Modern literature has increasingly focused on the integration of tendon transfers, specifically the flexor hallucis longus (FHL), in the management of chronic ruptures. Wapner et al. (1993) popularized the FHL transfer, demonstrating its utility not only as a structural bridge but, more importantly, as an active, in-phase motor unit capable of compensating for severe triceps surae atrophy. Recent systematic reviews and meta-analyses comparing direct reconstructive techniques (Bosworth, V-Y) to FHL transfers suggest that while V-Y advancement provides excellent outcomes for gaps under 3-4 cm with viable muscle, FHL transfer is superior in patients with massive gaps, profound fatty infiltration (Goutallier 3/4), or revision scenarios.

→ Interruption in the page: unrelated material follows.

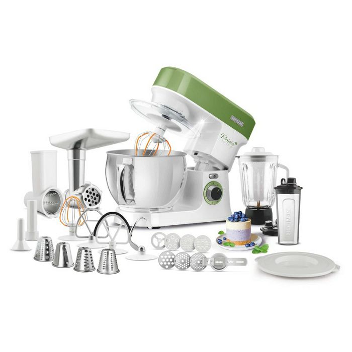 PROCESOR HRANE SENCOR Izvanredno snažan motor od 1200 W za savršene rezultate Iznimno velika posuda od 5 l od nehrđajućeg čelika za sve vrste tijesta (0,8 kg teškog tijesta, 2,2 l laganog tijesta) 6 postavki brzine + funkcija PULS + 2 programa NutriSmart za sve zadatke MIKSER 4 napredna nastavka za miješenje i mućenje Poseban FLEXI nastavak za tučenje i FLEXI mutilica za lagana tijestaJedinstveni magnetski poklopci daju veću praktičnost MIJEŠALICA ZA HRANU Staklenka od 1,5 l Oštrice obložene titanijemNutri usitnjavačPribor NutriBlender s udobnom čašom za pijenje Oštrice obložene titanijem2 jedinstvena programa za usitnjavanje MLINAC ZA MESO grubo i fino mljevenje s nastavcima za punjenje kobasica 3 alata za izradu rezanaca Nastavak za kekse SJECKALICA I USITNJAVAČ 4 nastavka od nehrđajućeg čelika:- Valovito (izbrazdano) sjeckanje- Grubo usitnjavanje / ribanje- Fino usitnjavanje / ribanje- Ribež za tvrdi sir i orašaste plodove

Clinical guidelines from major orthopaedic societies, including the American Academy of Orthopaedic Surgeons (AAOS), emphasize that the treatment of chronic ruptures must be highly individualized. While there is strong consensus against attempting primary end-to-end repair under tension, the choice between V-Y advancement, turn-down flaps, and tendon transfers remains surgeon-dependent, guided by intraoperative findings and defect measurements. Furthermore, recent literature strongly advocates for the use of preoperative MRI not just for gap measurement, but for qualitative assessment of the muscle belly, moving the paradigm from purely structural reconstruction to functional, motor-unit-preserving surgery. Mastery of these historical principles and modern advancements is essential for the orthopaedic surgeon navigating the complex landscape of neglected Achilles tendon ruptures.